5 responses to “Prince Considerate breaks up — considerately”

  1. Elena Avatar
    Elena

    A few days before Xmas and he drops this. Yuck. Yeah, yeah he was considerate and upfront and honest, but couldn’t he have waited until the new year? Geez. Hopefully you hadn’t bought him a Xmas present yet. 🙂

  2. Dating Goddess Avatar
    Dating Goddess

    Actually, I’m not bothered that this was a few days before Christmas. We hadn’t planned to spend the day together, and I have plenty on my plate before I leave on my trip.

    I’d rather have someone share their truth rather than pretend something they aren’t feeling. Yes, there are instances that timing wouldn’t be good, but generally I’d rather they be authentic.

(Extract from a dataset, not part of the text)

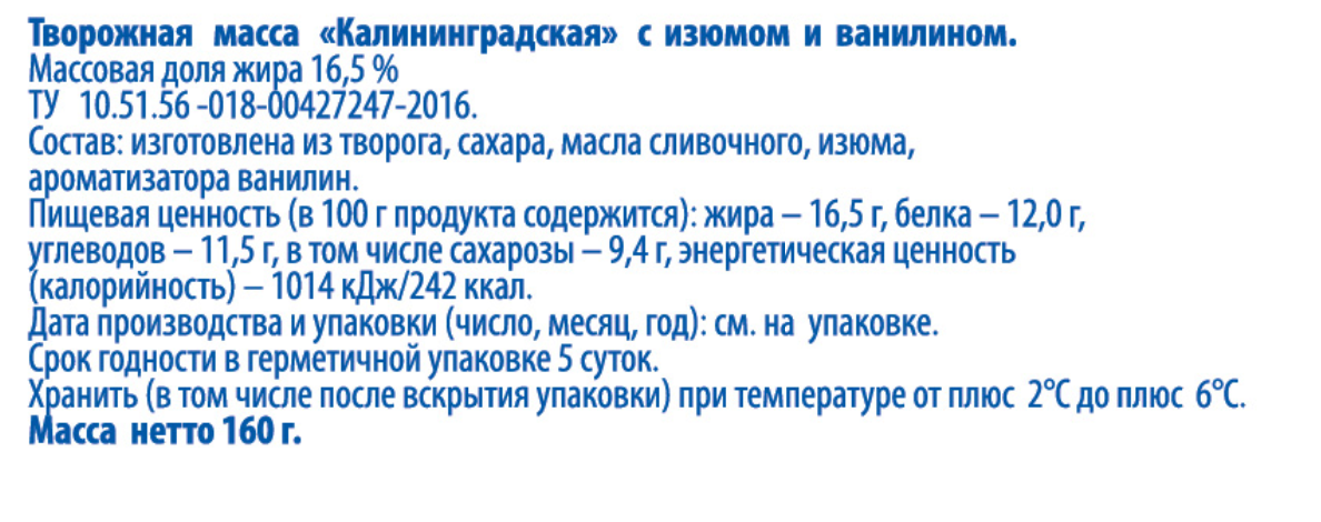 Творожная масса Добрая кормилица с изюмом 16.5%, 160г – полезный молочный продукт, который понравится детям и взрослым. Он изготовлен из отборного творога, полученного путем сквашивания нормализованного молока при помощи специальной закваски, содержит сахар, сливочное масло, изюм и ванилин в качестве ароматизатора. Масса обладает плотной и нежной однородной консистенцией, в которой отсутствуют крупинки и комочки. Подчеркнуть насыщенный вкус творога помогает приятная кислинка, которой обладает добавленный в продукт изюм. Творожная масса хорошо насыщает и утоляет голод, позволяет быстро пополнить запас сил и энергии. Она легко усваивается, не вызывая неприятного чувства тяжести в желудке. Продукт не содержит заменителей молочных жиров и обладает богатым составом. Он содержит кальций, натрий, фтор, магний, калий, железо, витамины из группы В, Е, С, аминокислоты и другие незаменимые для здоровья компоненты. При включении творожной массы в регулярное меню она помогает снизить уровень плохого холестерина, укрепляет кости и зубы, положительно сказывается на состоянии кожи и волос, снижает риск развития болезней серд��а и сосудов, нормализует пищеварение, укрепляет иммунитет.

I know I’ve stuck with someone through an event because I wanted to be sensitive to the timing, but then it was more confusing to them.

  3. nysharon Avatar
    nysharon

    I’m so sorry. It is still a loss. You enjoyed his companionship. He was mature and respectful about it. At least you know that there are good ones out there. You will bring something from this experience to the next lucky man. Hugs.

  4. PreviouslyQueenofE Avatar
    PreviouslyQueenofE

    Best wishes to you, DG. Even when you know it’s better to acknowledge that love isn’t developing and move on, it isn’t easy, you’re still going to mourn the loss of the dream. Have a wonderful holiday and a fabulous January away!

  5. Rodney Avatar
    Rodney

    Hmm… that sucks, DG. Y’know I wish I had a good friend to offer you to replace him. If only it were that easy, eh?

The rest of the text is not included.